_WHAT YOU ARE ASKED TO DO_
The material beneath this line should be printed exactly, with its pictures omitted.

_GIVEN INFORMATION_

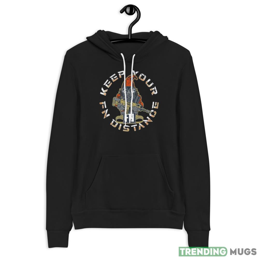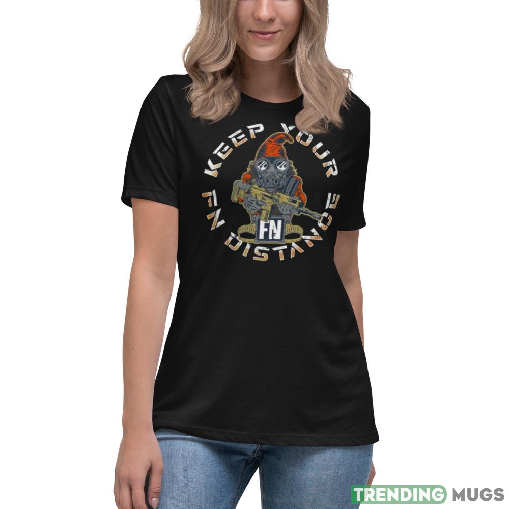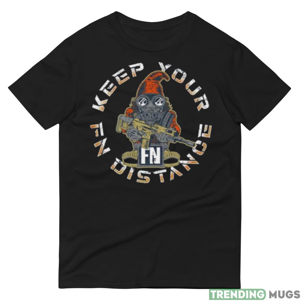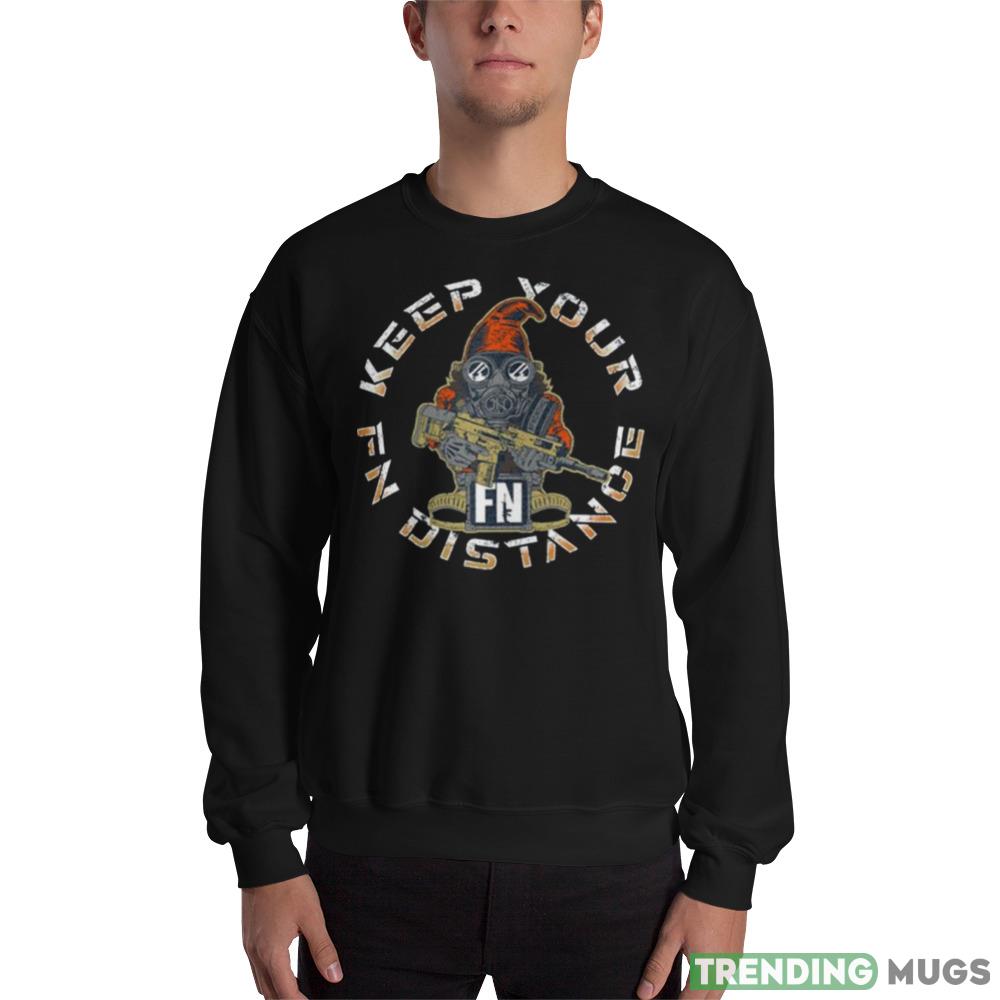Crafted from high-quality materials and built to last, this shirt features a one-of-a-kind design that is sure to turn heads and spark conversations wherever you go. The shirt prominently displays the iconic Fallout 2.0 Gnome, along with the cheeky “Keep Your FN Distance” slogan, making it a must-have for any true fan of the series.
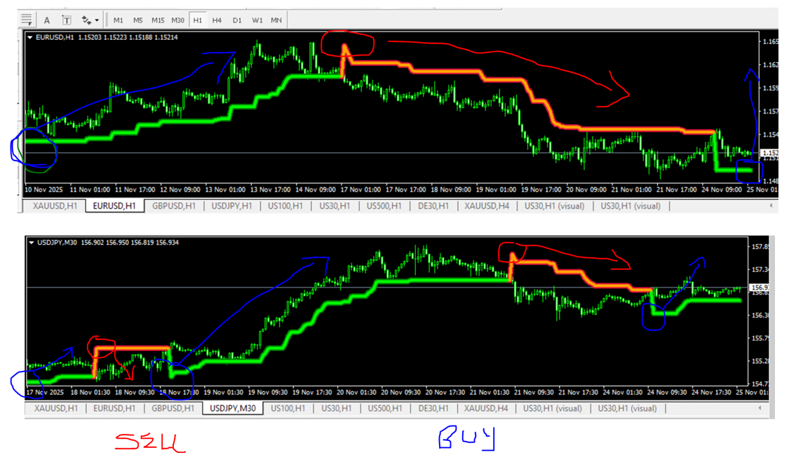 1. IF price forms: - Higher highs + higher lows → TREND = BUY - Lower highs + lower lows → TREND = SELL ELSE → NO TRADE 2. IF: - Trend = BUY - Price retraces to support zone - Bullish engulfing candle forms - TDI green crosses above red (optional) THEN: - Execute BUY 3. IF: - Trend = SELL - Price retraces to resistance - Bearish engulfing forms - TDI confirms THEN: - Execute SELL 4. Risk per trade = 1% of account Lot
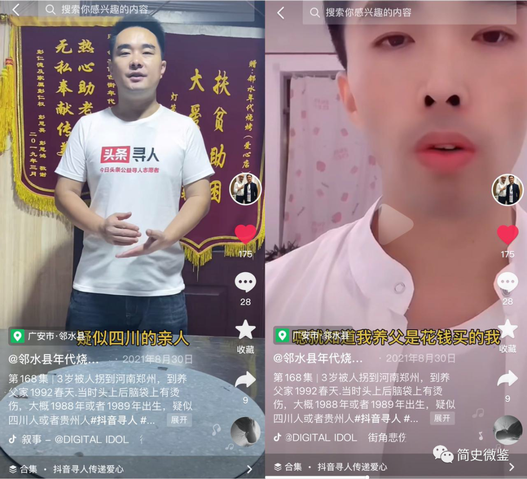 没想到自己只是随手拍摄一些视频,竟能改变一些人的命运,甘彪心里一股自豪感油然而生。甘彪帮老人找到家的事经过了新闻媒体的大量报道,这让甘彪收获了不少人气,他干脆一不做二不休,自己的短视频账号,就专门帮人寻亲吧!此后,在后台有不少人私信想要找甘彪帮忙寻亲,甘彪提醒他们要把自己的遭遇和丢失亲人的体貌特征描述一遍,然后甘彪再做成视频,发布到网上。尽管这里面大部分视频都石沉大海,但只要有一点点希望,甘彪就感觉自己做的事情有意义。
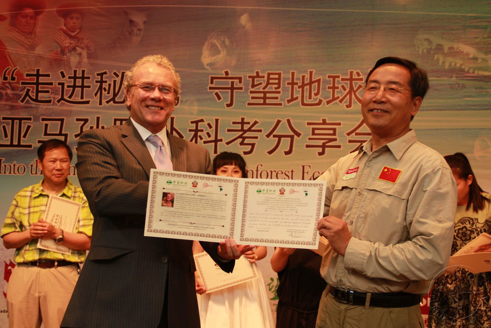 守望地球CEO谌良仲先生为秘鲁大使颁发亚马孙科考证书

_TASK ANSWER_
Crafted from high-quality materials and built to last, this shirt features a one-of-a-kind design that is sure to turn heads and spark conversations wherever you go. The shirt prominently displays the iconic Fallout 2.0 Gnome, along with the cheeky “Keep Your FN Distance” slogan, making it a must-have for any true fan of the series.
 1. IF price forms: - Higher highs + higher lows → TREND = BUY - Lower highs + lower lows → TREND = SELL ELSE → NO TRADE 2. IF: - Trend = BUY - Price retraces to support zone - Bullish engulfing candle forms - TDI green crosses above red (optional) THEN: - Execute BUY 3. IF: - Trend = SELL - Price retraces to resistance - Bearish engulfing forms - TDI confirms THEN: - Execute SELL 4. Risk per trade = 1% of account Lot
 没想到自己只是随手拍摄一些视频,竟能改变一些人的命运,甘彪心里一股自豪感油然而生。甘彪帮老人找到家的事经过了新闻媒体的大量报道,这让甘彪收获了不少人气,他干脆一不做二不休,自己的短视频账号,就专门帮人寻亲吧!此后,在后台有不少人私信想要找甘彪帮忙寻亲,甘彪提醒他们要把自己的遭遇和丢失亲人的体貌特征描述一遍,然后甘彪再做成视频,发布到网上。尽管这里面大部分视频都石沉大海,但只要有一点点希望,甘彪就感觉自己做的事情有意义。
 守望地球CEO谌良仲先生为秘鲁大使颁发亚马孙科考证书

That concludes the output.